Gau-Tao-Fest – Entdecken Sie die kulturelle Vielfalt von Sapa, Vietnam

Gau-Tao-Fest – Entdecken Sie die kulturelle Vielfalt von Sapa, Vietnam

Rachel Tran Rachel Tran | Aktualisiert am 24. Februar 2025

Die H’Mong bilden die größte ethnische Minderheit im Nordwesten Vietnams und verfügen über ein reiches spirituelles Erbe. Ihre traditionelle Kultur ist bis heute mit vielen wertvollen Eigenheiten bewahrt geblieben. Wer ihre typischen Feste kennenlernen möchte, sollte sich das Gau-Tao-Fest keinesfalls entgehen lassen: Kaum eine andere Feier bringt ihre Traditionen so deutlich zum Ausdruck. Es spiegelt nicht nur die landwirtschaftliche Lebensweise wider, sondern auch Spiritualität, Glaubensvorstellungen und Bräuche. Wenn Sie zum vietnamesischen Neujahr den Bezirk Bac Ha bei Sapa in der Provinz Lao Cai besuchen, sollten Sie dieses Fest daher unbedingt miterleben. Es eröffnet Ihnen einen faszinierenden Einblick in die weniger bekannten Seiten des Lebens einer lokalen ethnischen Minderheit.

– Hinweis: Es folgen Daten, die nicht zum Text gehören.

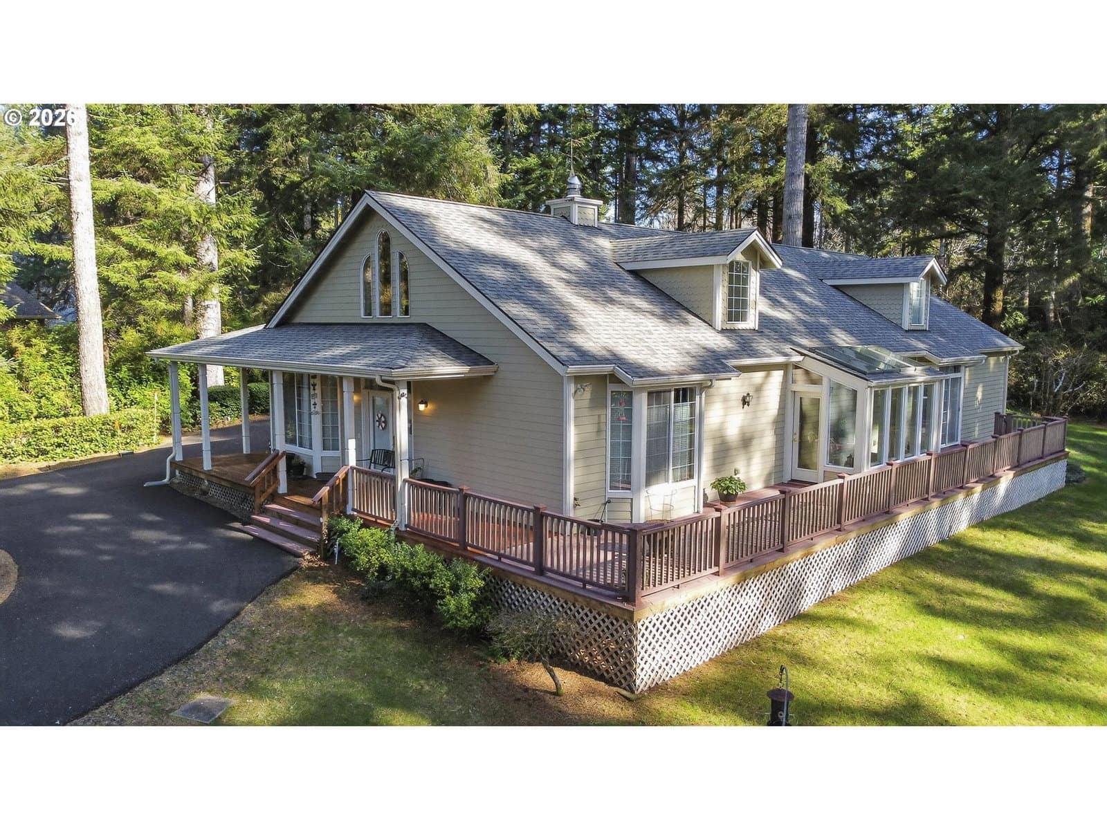 Spacious and well designed, this 3 bedroom, 2 bathroom home offers 2,245sqft of living space on a generous 0.72-acre lot. High vaulted ceilings throughout create an open, airy feel, enhanced by elegant french windows that fill the home with natural light. The inviting living room features a cozy pellet stove and a charming bay window, making it the perfect place to relax. The kitchen is thoughtfully equipped with a free-standing refrigerator, built-in oven, cooktop, built-in dishwasher, microwave, trash compactor, pantry, and ample counter space. An eating nook overlooks the expansive, beautifully landscaped yard, ideal for everyday meals or morning coffee. The primary suite serves as a private retreat with a walk-in closet and an attached bathroom featuring double sinks, a walk-in dual-head shower, and a jetted tub. The functional laundry room includes built-in storage and a utility sink for added convenience. Enjoy outdoor living from the wraparound porch with both covered and open areas. An attached oversized 2-car garage, detached 2-car garage, circular driveway, and abundant extra parking complete this exceptional property. You don't want to miss this beautiful retreat!

I. Geschichte des Gau-Tao-Festes

Die Geschichte des Gau-Tao-Festes der H’Mong in Sapa
Foto: @jgibblez

Gau Tao bedeutet “Festplatz”. Nach einer Überlieferung der H’Mong begab sich ein Ehemann, dessen Frau viele Jahre lang kein Kind bekommen konnte, zu den heiligen Hügeln, um die Berggötter um einen Sohn zu bitten.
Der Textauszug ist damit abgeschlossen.